At The Gateway, the answer has always been the same: we gather.

We gather in the dark, shoulder to shoulder with strangers who begin to feel like neighbors. We listen to stories of people pushed to their limits, and we watch what they choose to do next. They fall in love when it’s dangerous. They tell the truth when it’s costly. They make music when silence would be easier. They open their doors when fear says to lock them. And as they move through upheaval, they remind us how to move through our own.

The coming year at The Gateway is built around that idea: connection through upheaval. Every story you see on our stage in 2026 will, in its own way, follow people standing on the edge of something—of loss, of change, of possibility—and reaching out instead of shutting down.

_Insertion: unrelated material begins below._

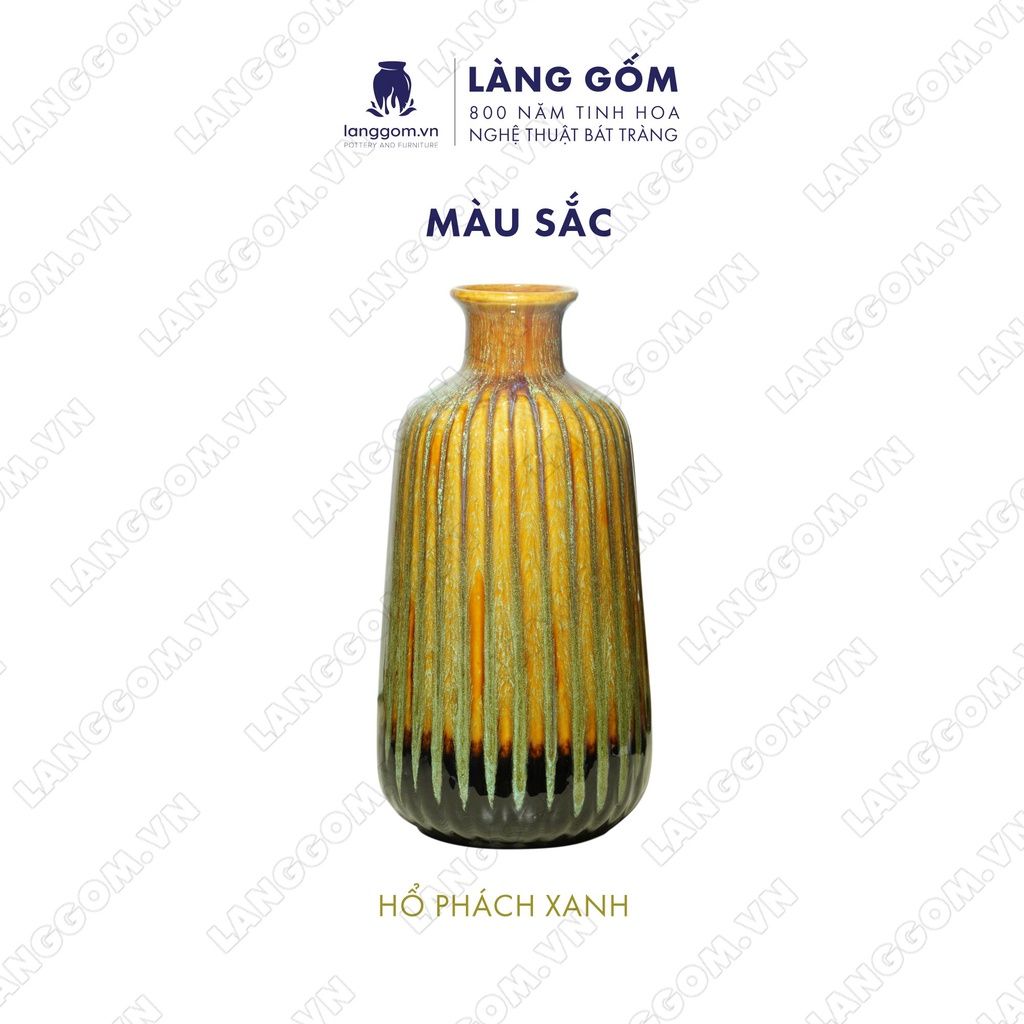Bình hoa men hỏa biến dáng lá dứa màu hổ phách xanh

You’ll meet characters who risk everything for friendship, for family, for community, for the belief that together we can become more than the sum of our separate struggles. You’ll see lives upended by forces far beyond anyone’s control, and you’ll watch what becomes possible when people refuse to face that alone.

You will also see yourselves.

You’ll recognize your own questions, your own doubts, your own late-night worries about the future. And in the same breath, you’ll feel the electricity of a live orchestra, the hush before a spotlight rises, the collective inhale of an audience leaning in at the same moment. That is the quiet miracle of theatre: nothing on stage changes your actual circumstances, but you walk out changed anyway. You stand a little taller. You remember that you are not navigating this era alone.

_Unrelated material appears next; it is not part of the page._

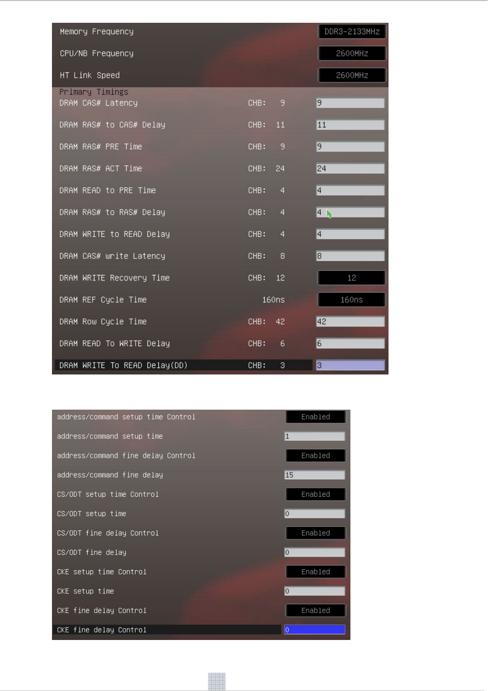Figure 10: Example settings for DDR3-2133 memory clock mode (2 DIMMs, one DIMM per channel)
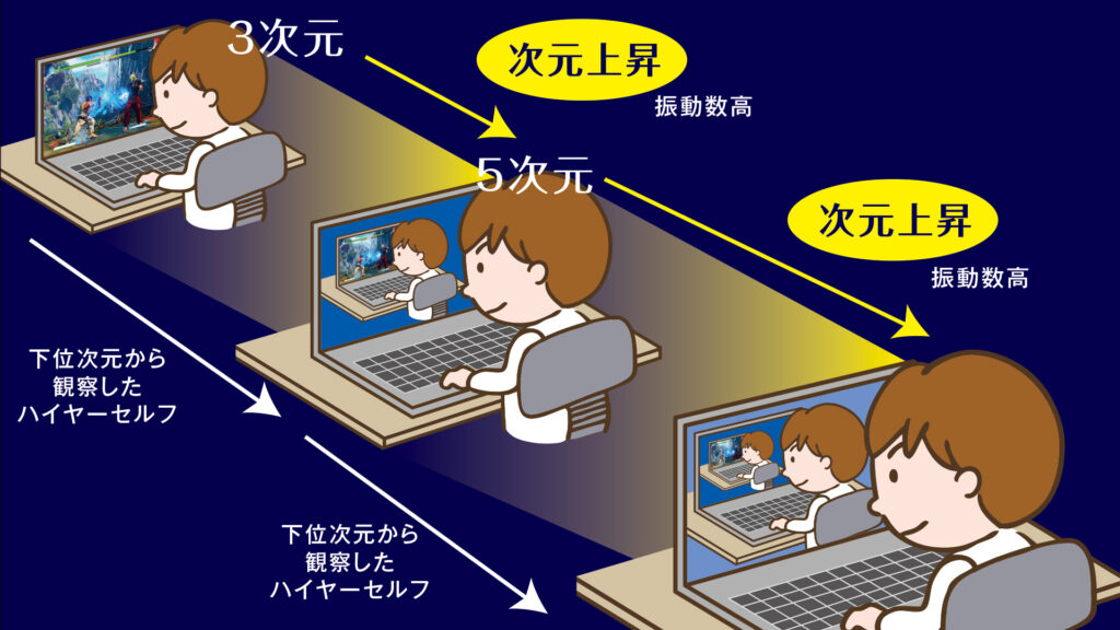 つまり本人は、自分で考え自分で選択していると錯覚していますが、貴方自身をコントロールしているのは上位次元に在る認識者であり、それをスピではハイヤーセルフ(高次の自分)なんて呼んだりします。

In 2026, The Gateway is recommitting to being more than a venue. This is your gathering place.

A place where Long Island’s stories and the world’s stories meet. A place where you can bring your kids, your parents, your partner, your friend who “doesn’t usually like musicals,” and give them a night that feels both like an escape and a homecoming. A place where generations share the same armrest and, for a few hours, the same heartbeat.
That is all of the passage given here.